InsyaAllah dengan berbekal niat seperti ini kita memperoleh pahala dari
Allah Subhanahu wata’ala, sebab, kita meninggalkan perbuatan maksiat
dalam rangka mendapatkan keridhoanNya.
2. Yakini bahwa aktivitas pacaran adalah maksiat
Di
dalam pacaran ada serangkaian aktivitas maksiat yang mengantarkan
pelakunya pada perbuatan zina. Mulai dari melihat, memegang,
bersepi-sepi, dst. Yakini bahwa pacaran adalah perbuatan munkar,
sehingga kita pun tenang mengatakan "ALHAMDULILLAH, AKU JOMBLO".

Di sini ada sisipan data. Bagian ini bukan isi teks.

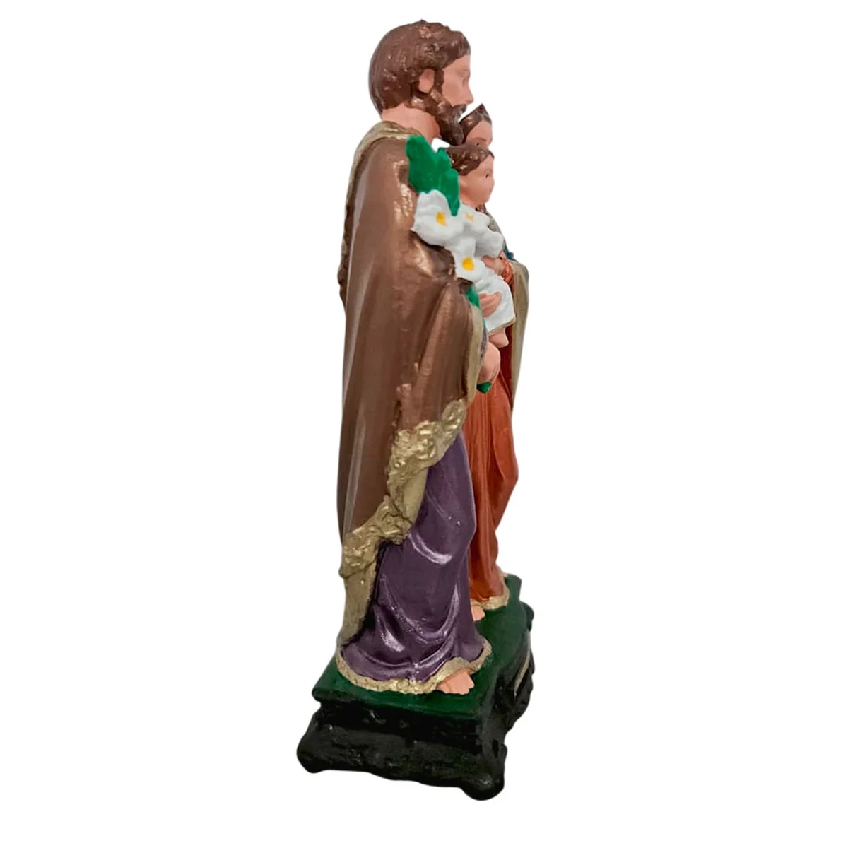 A Imagem da Sagrada Família tem tamanho médio de 20cm, o que é um tamanho ideal para decorar e para montar seu altarzinho em casa. É feita e pintada a mão, 100% de borracha e tem uma alta durabilidade e resistência. Como a Imagem é feita de borracha, ela é inquebrável mesmo se cair no chão. Então, você terá uma peça para a vida toda e perfeita para casas que possuem crianças ou pets.
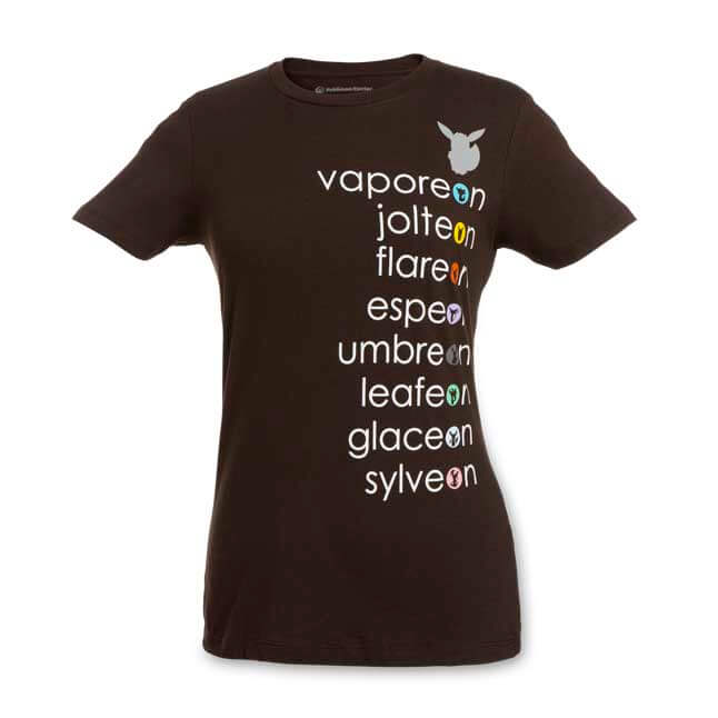 Al momento la linea, accompagnata da peluche e spille dedicati alle evoluzioni di Eevee, conta solamente quattro prodotti: una maglietta da uomo, acquistabile per 29,95 dollari (circa 27,50 euro), una felpa, acquistabile per 69,95 dollari (circa 64,20 euro), una maglietta da donna, acquistabile per 29,95 dollari (circa 27,50 euro), ed una borraccia, acquistabile per 29,95 dollari (circa 27,50 euro).
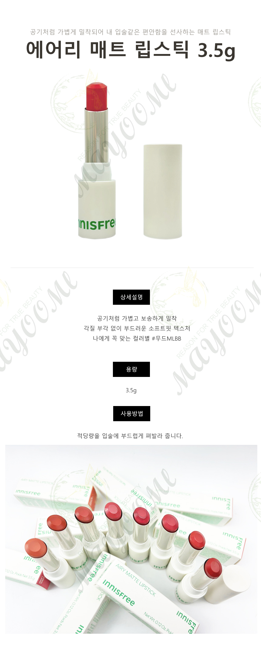 Innisfree Airy Matte Lipstick 3.5g / 이니스프리 에어리 매트 립스틱 3.5g
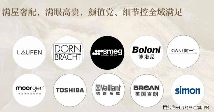 全系百年瑞士名牌劳芬卫浴、号称龙头届劳斯莱斯的当代洁具、博洛尼定制全屋柜体、欧洲贵族品牌斯麦格厨电等。
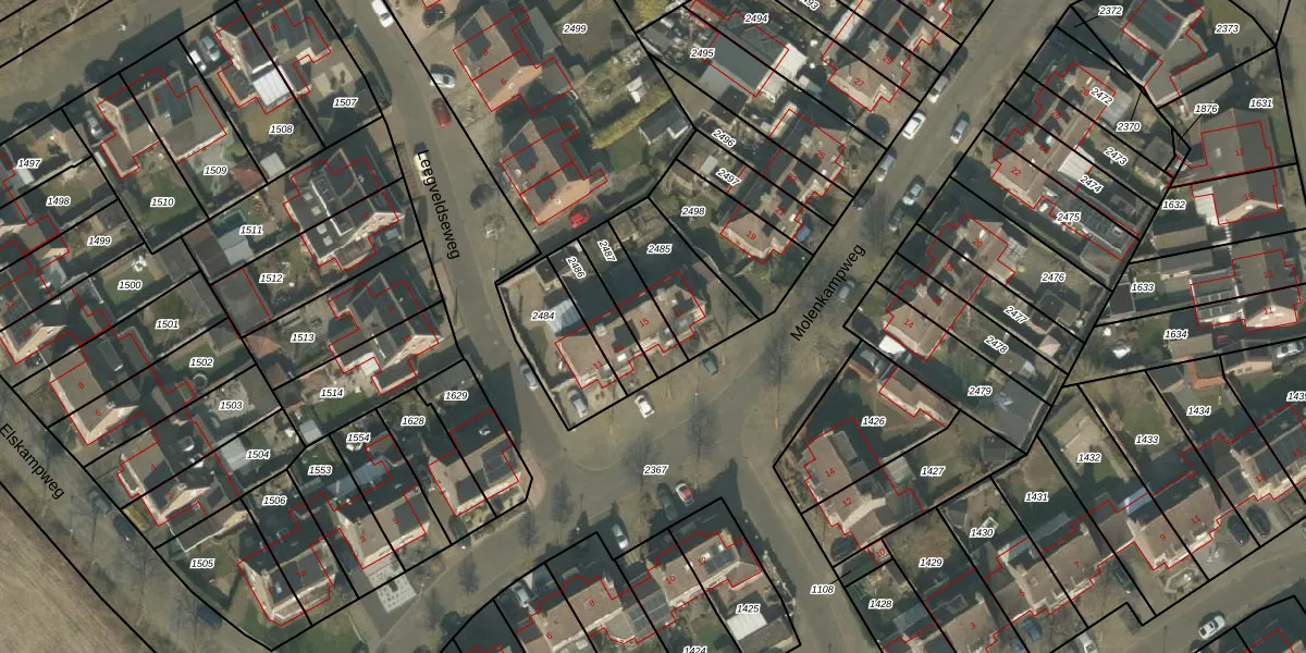 Molenkampweg 15 is gelegen op kadastraal perceel BGN02T2487. Deze kadastrale aanduiding is uniek en wordt gebruikt door het Kadaster om eigendomsrechten en andere zakelijke rechten vast te leggen. Het perceel maakt onderdeel uit van de kadastrale gemeente Bergen Limburg.

3. Tenang dengan takdir Allah Subhanahu wata’ala
Fitrah
manusia memang selalu tertarik dengan lawan jenisnya, keinginan untuk
menyalurkan ketertarikan kepada lawan jenis adalah sesuatu yang
manusiawi. Namun jangan sampai hal ini membuat kita menempuh jala yang
dilarang Allah Subhanahu wata’ala. Yakinlah dengan takdir Allah
Subhanahu wata’ala, bahwa masa-masa itu akan datang (pernikahan).
Rasulullah
Shallallahu 'alaihi wa sallam bersabda, “Allah telah menulis (di Lauhu
Mahfuzh) segenap takdir makhluk 50.000 TAHUN sebelum Ia menciptakan
langit dan bumi” (HR. Muslim)
Ibnu Umar berkata, "Demi Alah yang
jiwa Ibnu Umar berada di tanganNya. Seandainya salah seorang dari mereka
memiliki emas sebesar gunung Uhud lalu dia infakkan di jalan Allah,
tidak akan diterima oleh Allah sebelum ia beriman kepada qadar/takdir."

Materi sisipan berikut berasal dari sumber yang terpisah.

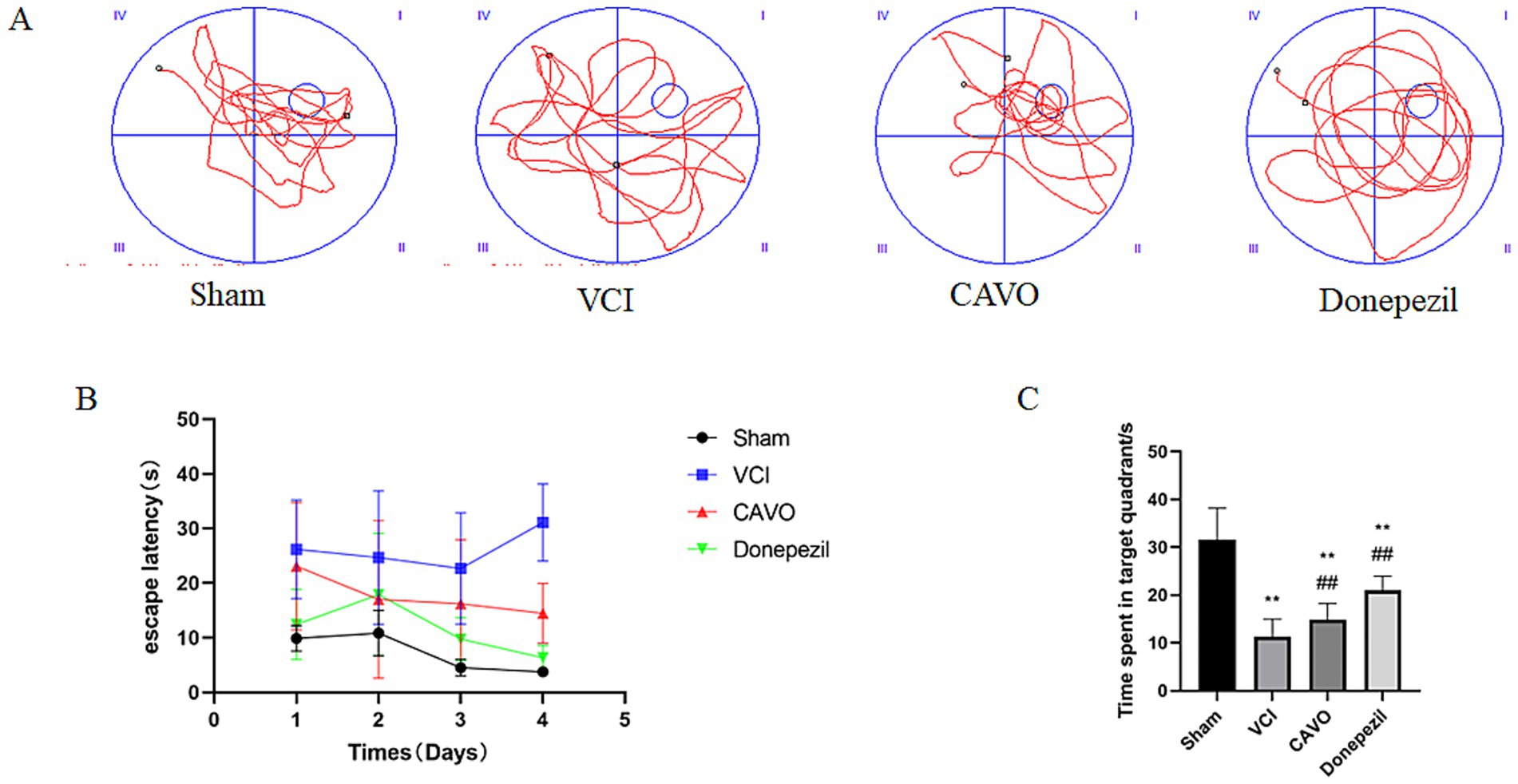 The VCI group’s escape latency was significantly higher on day 4 of training than that of the Sham group (p < 0.01). On day 4 of the experiment, the CAVO group’s escape latency was significantly lower than that of the VCI group (p < 0.01), and the Donepezil group’s escape latency was lower than that of the VCI group (p < 0.01).

4. Banyak-banyak melakukan amalan sholih
Gunakan
setiap waktu yang diberikan oleh Allah Subhanahu wata’ala dengan
memperbanyak amalan sholih yang sesuai. Misalnya puasa sunnah, sholat
malam, menghafal Al-Qur’an, birrul walidayn, dsb. Kesibukan dalam hal
kebaikan ini akan memupus keinginan hati terhadap hal-hal yang dimurkai
oleh Allah Subhanahu wata’ala.
5. Gunakan waktu dengan sehebat mungkin
Jangan
sampai waktu yang ada kita gunakan untuk hal-hal yang tidak bermanfaat
bagi dunia dan akhirat kita, waktu luang yang tidak dimanfaatkan dengan
baik merupakan penyakit berbahaya bagi pemikiran, akal dan badan.

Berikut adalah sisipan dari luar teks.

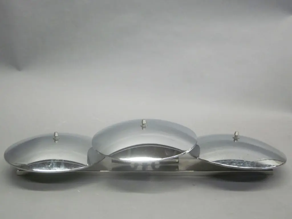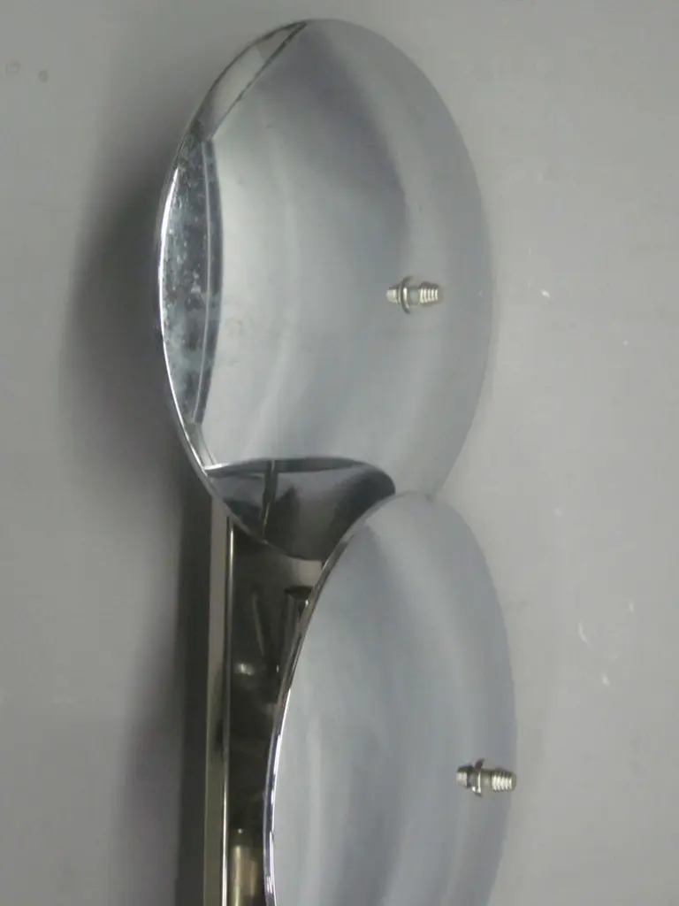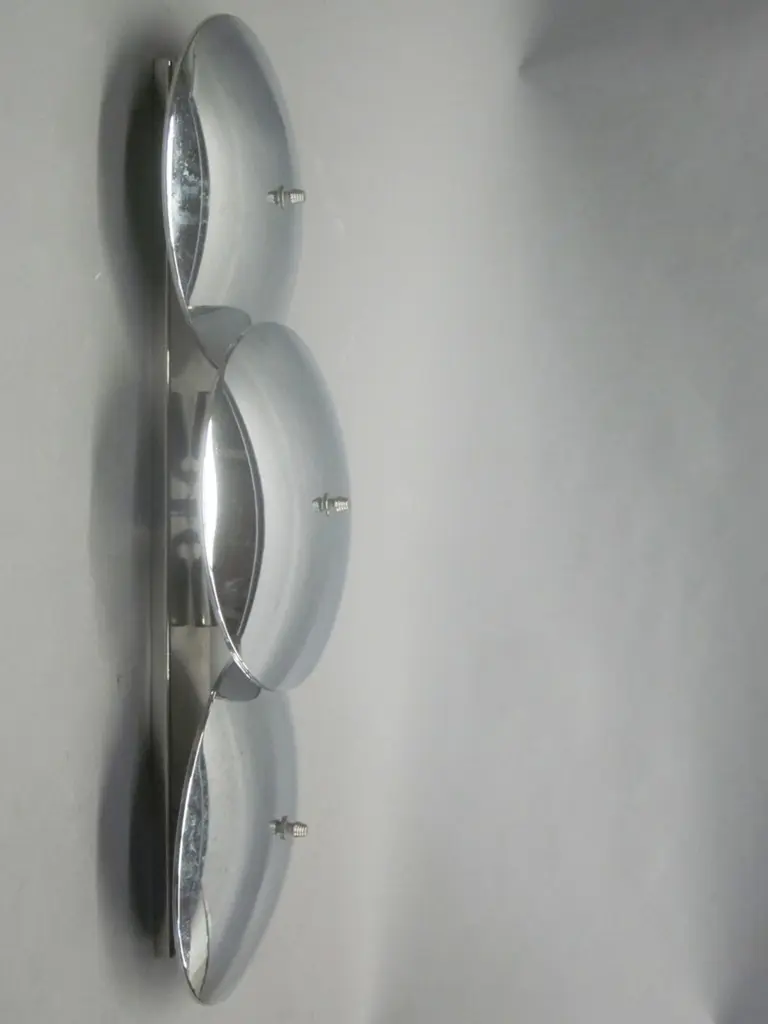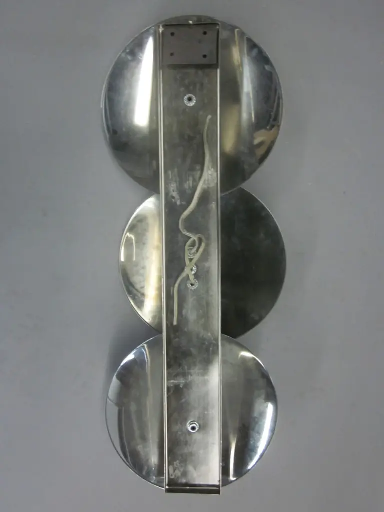 Elegant Italian Mid-Century Modern wall lights / flush mount fixtures in the form of three chromed round discs by Reggiani.These large pieces can be mounted vertically or horizontally on a wall or on a ceiling. They provide indirect, diffused, soft, environmental light to a space. 2 pieces are available. Priced and sold individually.Additional References: Arredoluce, Angelo Lelli, Arteluce, Gino Safarti.
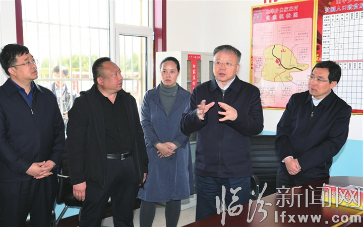 图为岳普煜在蒲县山中乡白家庄村调研干部进村服务工作情况。记者 赵俊堂 摄

6. Jauhi tontonan, bacaan dan hal-hal yang mendorong untuk berpacaran (termasuk di FACEBOOK)
Hati
manusia itu lemah, bila dorongan untuk melakukan maksiat begitu besar
maka seseorang akan mudah terpengaruh dalam perbuatan maksiat, dorongan
itu bisa berasal dari tontonan, bacaan, lingkungan, yang dorongan tadi
mesti ditepis jauh-jauh dengan menghindari sebab disisi lain,
sepantasnya kita berusaha untuk mencari bacaan, tontonan dan lingkungan
yang mendorong kita untuk semakin taat kepada Allah Subhanahu wata’ala.